Mr Penny was identified as the main suspect after phone camera footage showed him pinning Neely, 30, to the train carriage floor and placing him in a chokehold.

A filing from the Manhattan district attorney’s office argued that Mr Penny – who served in the US Marines for four years – received training and instructional materials that highlighted the deadly potential of chokeholds, but held Neely for around six minutes anyway.

Following Neely’s death, witnesses said he was experiencing a mental health crisis in the days leading up to 1 May. When he boarded the train, he was complaining of hunger and thirst and was homeless.

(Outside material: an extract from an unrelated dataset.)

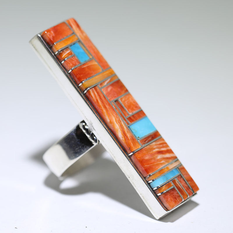 Beautiful sterling silver ring is inlaid with orange Spiney Oyster Shell with Turquoise accents and has a nice, heavy silver shank.

Others claimed that he told passengers that he was not afraid to die or go to jail, before throwing his jacket on the ground. It was at that point Mr Penny wrestled him to the ground.

Passengers were able to get off the train at the Broadway-Lafayette stop, with footage showing Mr Penny holding Neely for several minutes afterwards, with two other men standing nearby.

Following Neely’s death, a polarising debate began about the city’s public health failures, citizen vigilantism and racial bias. Civil rights activist Reverand Al Sharpton said at the victim’s funeral that he had been let down by the system.

“Jordan was screaming for help. We keep criminalising people with mental illness,” Rev Sharpton said at the service in Harlem. “They don’t need abuse, they need help.”

The case has come back into the foreground at a time when crime on NYC’s subway is making headlines again, with multiple incidents reported in recent weeks, including the shooting of a man with his own gun at a station in Brooklyn.

New York Governor Kathy Hochul has sent the National Guard onto the system as part of efforts to crack down on crime and make riders feel safer.